Pemerintah Revisi Target Penerimaan Migas 2020
Pandemi Covid-19 yang berimbas pada penurunan harga minyak mentah dunia serta berbagai sektor lainnya, membuat Pemerintah merevisi target penerimaan negara dari subsektor migas yang semula Rp192,04 triliun menjadi Rp100,16 triliun.
Perubahan ini dengan asumsi lifting minyak bumi sebesar 735.000 barel per hari, lifting gas bumi 1.064.000 barel setara minyak per hari, ICP US$ 38 per barel dan kurs Rp17.500 per dolar AS.
Menteri Energi dan Sumber Daya Mineral Arifin Tasrif dalam Rapat Kerja secara virtual dengan Komisi VII DPR, Senin (4/5), memaparkan, semula Pemerintah dalam APBN 2020 menargetkan penerimaan migas sebesar Rp192,04 triliun yang terdiri dari Pajak Penghasilan Migas (PPh Migas) sebesar Rp57,53 triliun, Penerimaan Negara Bukan Pajak (PNBP) Rp127,31 triliun dan penerimaan lainnya dari minyak bumi Rp7,3 triliun.

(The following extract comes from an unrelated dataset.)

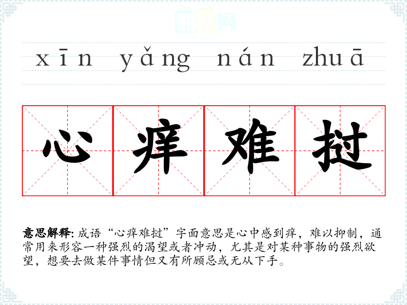 成语“心痒难挝”字面意思是心中感到痒,难以抑制,通常用来形容一种强烈的渴望或者冲动,尤其是对某种事物的强烈欲望,想要去做某件事情但又有所顾忌或无从下手。

Dengan catatan, lifting minyak numi 755.000 barel per hari, lifting gas bumi 1.191.000 barel setara minyak per hari, ICP US$ 63 per barel dan kurs Rp14.400 per dolar AS.
Namun dengan terjadinya pandemi Covid-19 di berbagai belahan dunia yang juga berdampak pada kegiatan usaha migas, target penerimaan migas direvisi melalui Peraturan Presiden Nomor 54 Tahun 2020 menjadi sebesar Rp100,16 triliun, di mana PPh Migas ditargetkan Rp43,75 triliun, PNBP Migas Rp53,29 triliun dan penerimaan lainnya dari minyak bumi Rp3,12 triliun.

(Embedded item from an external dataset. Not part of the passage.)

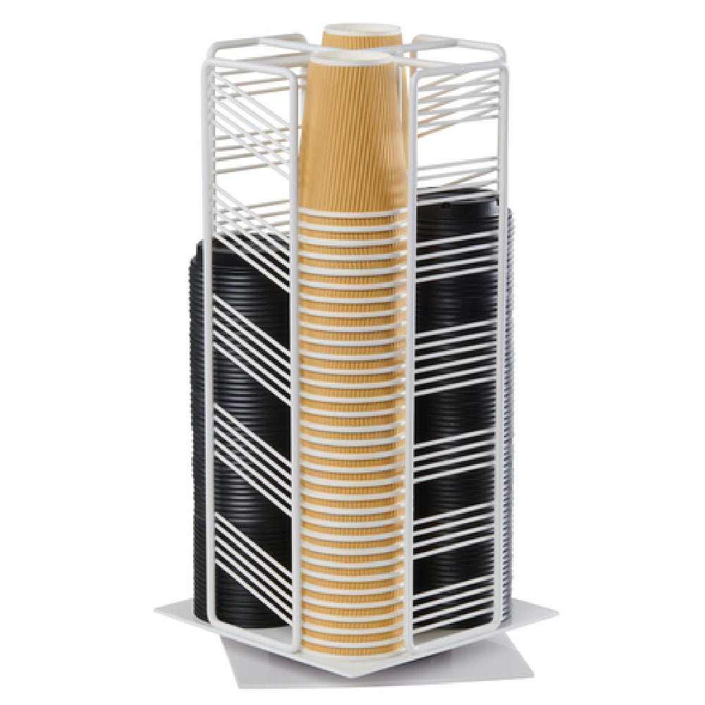 The Cal Mil 4104-15 Portland Cup/Lid Organizer is a compact and efficient solution for organizing cups and lids in a variety of settings. Measuring 8-3/4 inches in width, 8-3/4 inches in depth, and 17-3/4 inches in height, this revolving organizer is designed to hold cups and lids up to 3-3/4 inches in diameter. Crafted from wire material, the organizer features a sleek white finish, adding a touch of modernity to its design. It is BPA-free, ensuring a safe and eco-friendly option for establishments prioritizing health standards. This product is particularly valuable in food service environments such as cafes, cafeterias, and break rooms where efficient storage and accessibility are essential. Its revolving mechanism allows for quick and easy access, enhancing operational efficiency and customer satisfaction. The Cal Mil 4104-15 Portland Cup/Lid Organizer is not only practical but also durable, making it a reliable choice for businesses seeking to maintain an organized beverage station with minimal effort. Its thoughtful design and functional attributes make it an indispensable asset for any setting that requires organized cup and lid storage.

"Hingga 30 April 2020, realisasi penerimaan migas mencapai Rp42,87 triliun di mana Rp33,75 triliun merupakan penerimaan PNBP. Dengan kondisi pesimis, penerimaan migas pada tahun 2020 diperkirakan sebesar Rp86,33 triliun," jelas Menteri Arifin.

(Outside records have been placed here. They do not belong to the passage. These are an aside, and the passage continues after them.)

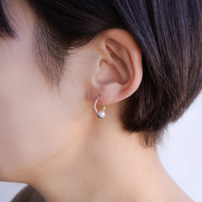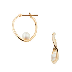 ひねりを加えたイエローゴールドのラインに、優しい色合いの淡水パールをあしらったフープタイプのピアス。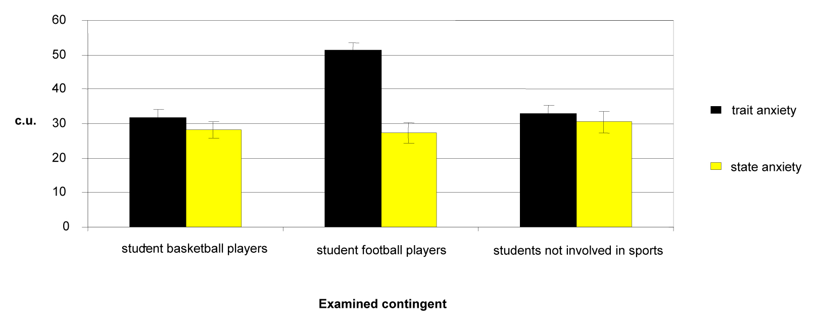 The analysis of the Spielberg-Hanin test results of the examined student basketball and football players revealed that the level of trait anxiety in football players was significantly higher than in the rest of the examined groups (51.3±2.1 c.u. versus 31.8±2.5 c.u. in basketball players and 33.1 c.u. in students not involved in sports, р<0.01) (Fig. 2). State anxiety in student basketball and football players was at a low level and had no significant differences (28.3±2.4 and 27.4±3.0 c.u. respectively).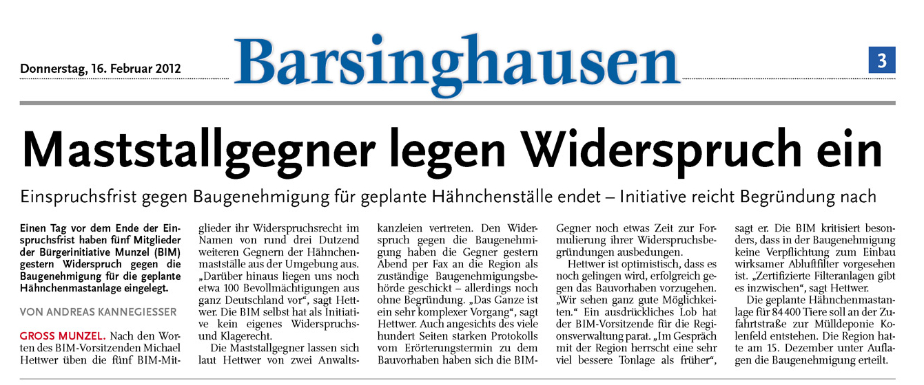 HAZ CZ 16.02.2012 MASTSTALLGEGNER LEGEN WIDERSPRUCH EIN

Dia menjelaskan, penerimaan migas dipengaruhi oleh lifting, ICP dan kurs. Sebagai contoh, apabila ICP US$ 40 per barel, maka PNBP Migas mencapai Rp58,11 triliun. Sebaliknya jika ICP US$ 20, maka PNBP Migas hanya sekitar Rp9,93 triliun.
Demikian pula sensitivitas rupiah terhadap dolar AS. Jika kurs Rp14.000, maka PNBP Migas mencapai Rp35,12 triliun. Apabila rupiah melemah menjadi Rp18.000 per dolar AS, PNBP Migas naik menjadi Rp55,89 triliun.
"Sensitivitas ICP, setiap 1 dolar per barel, berpengaruh terhadap penerimaan negara sebesar Rp3,5 triliun. Setiap perubahan kurs Rp100, akan berdampak pada penerimaan negara sebesar Rp0,7 triliun," kata Arifin.